## Exercise objective
Using the data below, set down every line from the one containing "Instead of commercial" through the one containing "Pavão-Comum- Nativo da", inclusive and unchanged. Pictures are to be skipped.

## Extracted records
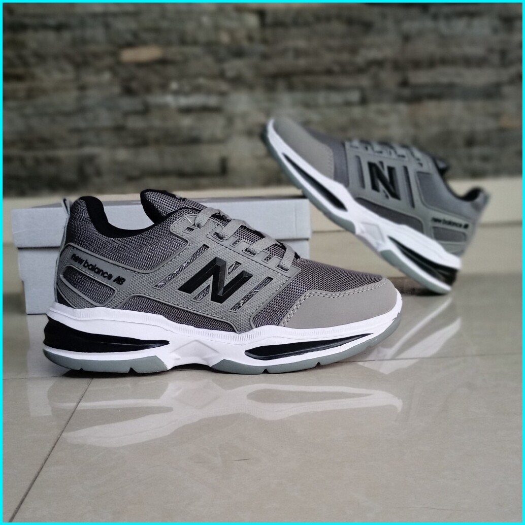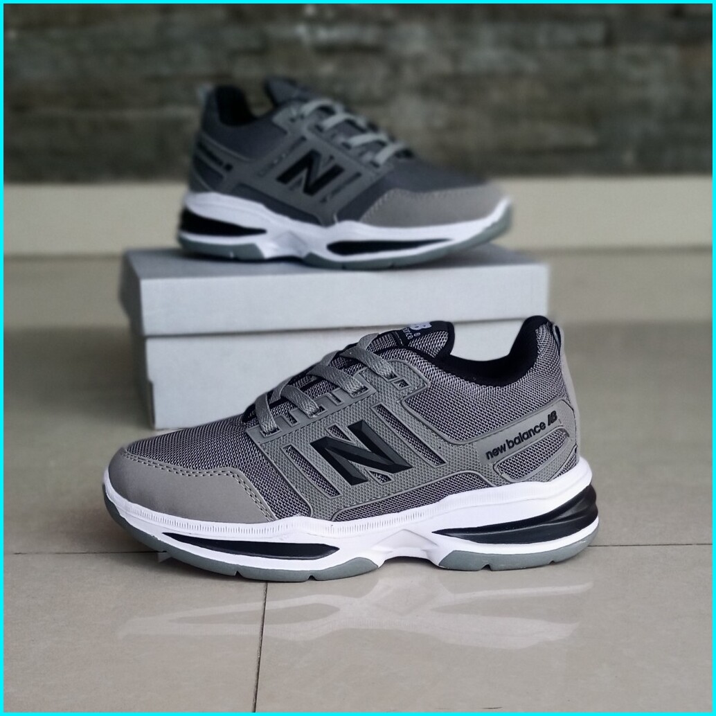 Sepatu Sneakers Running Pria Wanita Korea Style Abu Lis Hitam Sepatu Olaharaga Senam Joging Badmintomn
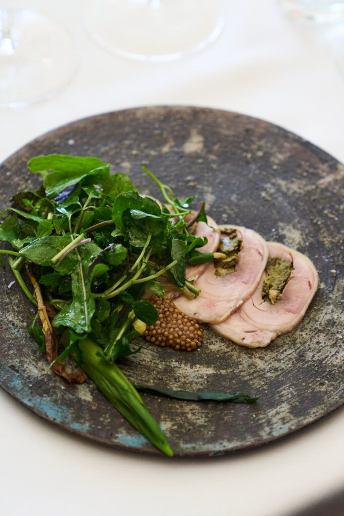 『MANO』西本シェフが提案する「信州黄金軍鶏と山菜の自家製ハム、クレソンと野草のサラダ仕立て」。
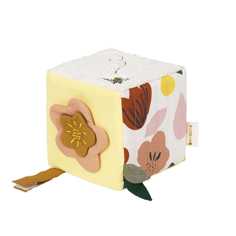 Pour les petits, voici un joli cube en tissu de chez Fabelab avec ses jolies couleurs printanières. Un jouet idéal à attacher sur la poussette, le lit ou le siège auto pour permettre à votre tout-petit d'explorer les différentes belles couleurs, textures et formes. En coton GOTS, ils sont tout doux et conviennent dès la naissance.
==
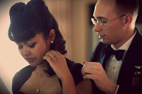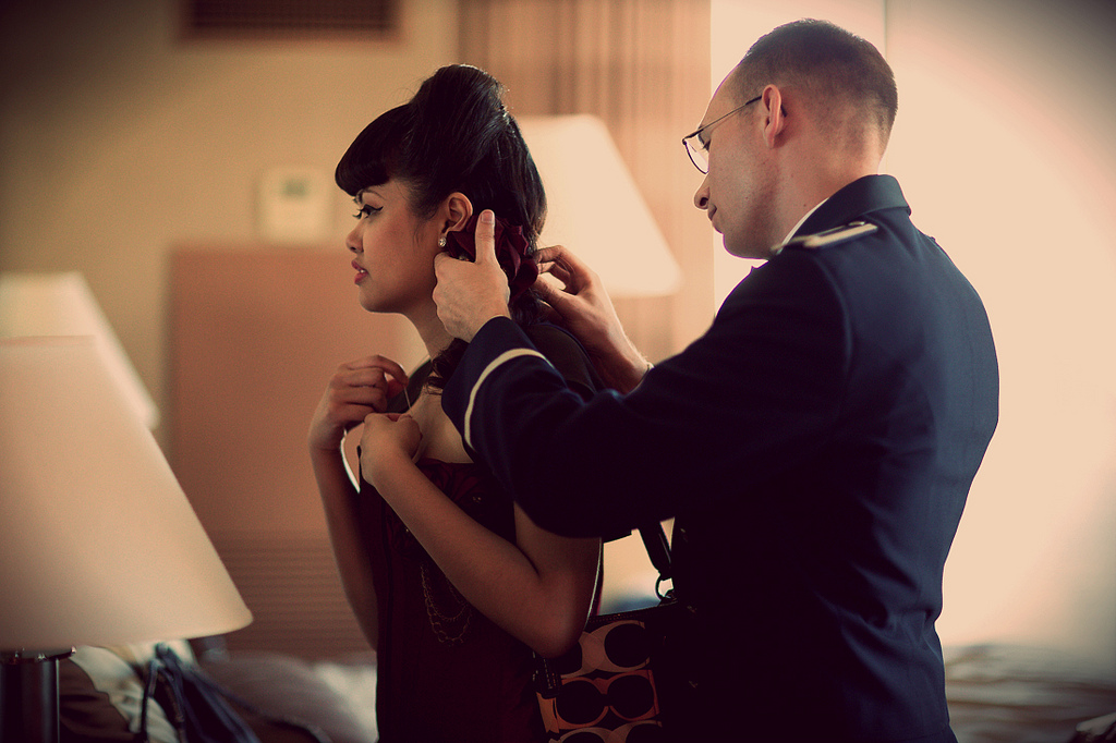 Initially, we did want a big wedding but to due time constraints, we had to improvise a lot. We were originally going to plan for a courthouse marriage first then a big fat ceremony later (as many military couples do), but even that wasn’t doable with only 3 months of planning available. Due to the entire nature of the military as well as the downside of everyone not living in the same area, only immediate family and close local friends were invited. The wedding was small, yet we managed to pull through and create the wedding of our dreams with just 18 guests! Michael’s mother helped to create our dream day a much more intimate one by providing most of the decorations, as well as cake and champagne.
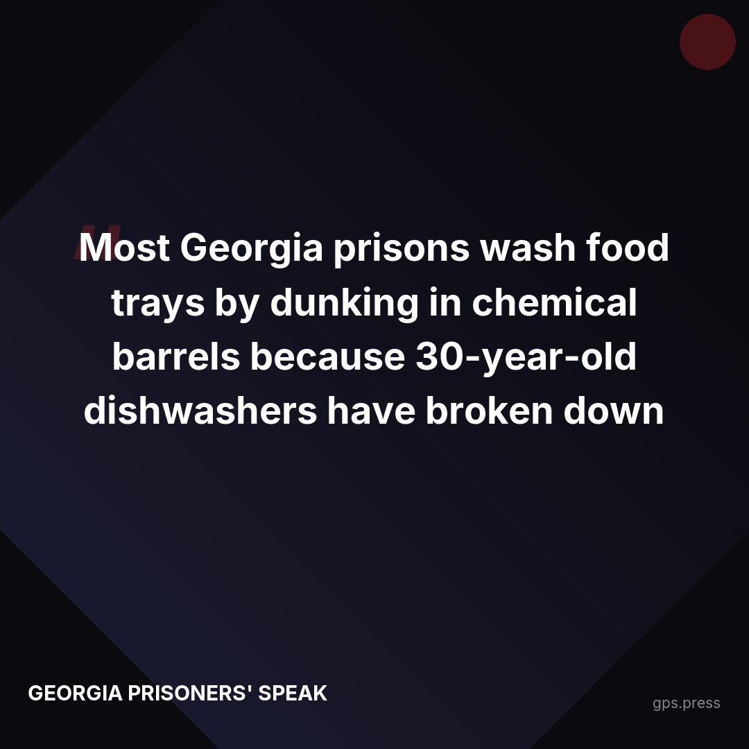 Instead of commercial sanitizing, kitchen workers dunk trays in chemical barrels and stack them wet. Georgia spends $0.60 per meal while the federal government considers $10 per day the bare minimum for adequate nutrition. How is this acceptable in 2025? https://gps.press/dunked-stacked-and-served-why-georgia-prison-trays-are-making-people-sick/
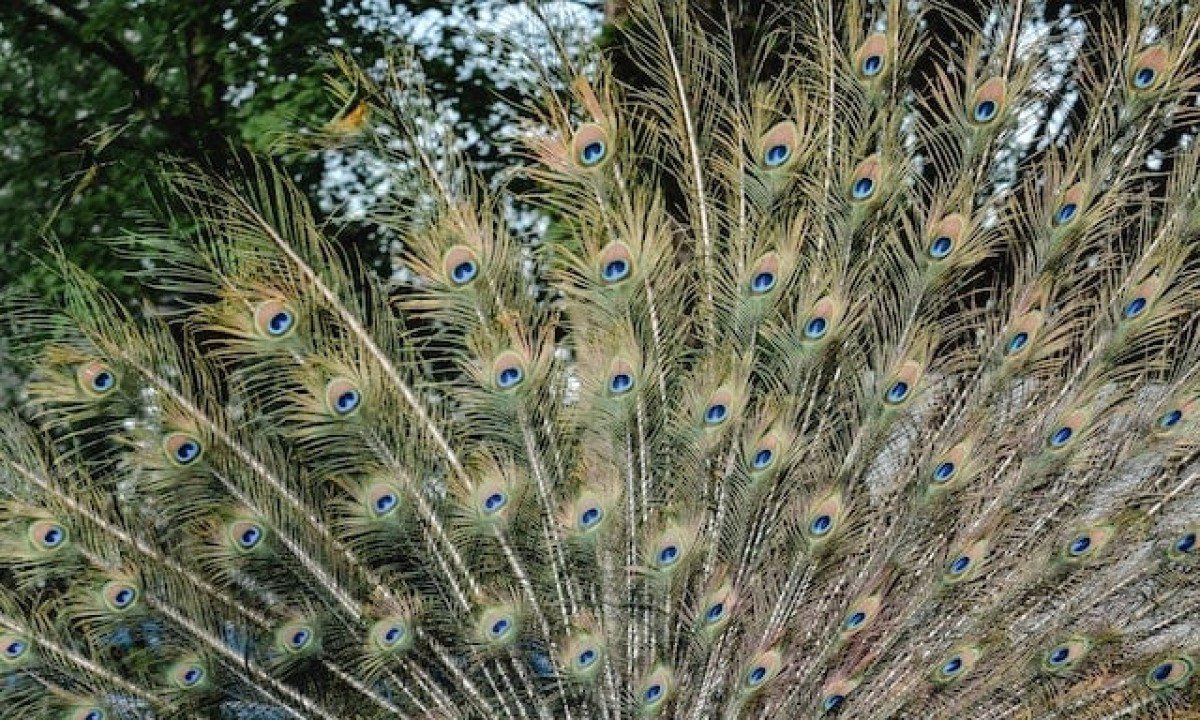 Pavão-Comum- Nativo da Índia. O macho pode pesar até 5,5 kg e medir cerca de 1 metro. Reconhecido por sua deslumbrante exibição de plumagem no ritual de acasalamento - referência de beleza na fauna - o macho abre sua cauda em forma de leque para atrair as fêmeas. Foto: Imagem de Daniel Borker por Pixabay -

## Task result
 Instead of commercial sanitizing, kitchen workers dunk trays in chemical barrels and stack them wet. Georgia spends $0.60 per meal while the federal government considers $10 per day the bare minimum for adequate nutrition. How is this acceptable in 2025? https://gps.press/dunked-stacked-and-served-why-georgia-prison-trays-are-making-people-sick/
 Pavão-Comum- Nativo da Índia. O macho pode pesar até 5,5 kg e medir cerca de 1 metro. Reconhecido por sua deslumbrante exibição de plumagem no ritual de acasalamento - referência de beleza na fauna - o macho abre sua cauda em forma de leque para atrair as fêmeas. Foto: Imagem de Daniel Borker por Pixabay -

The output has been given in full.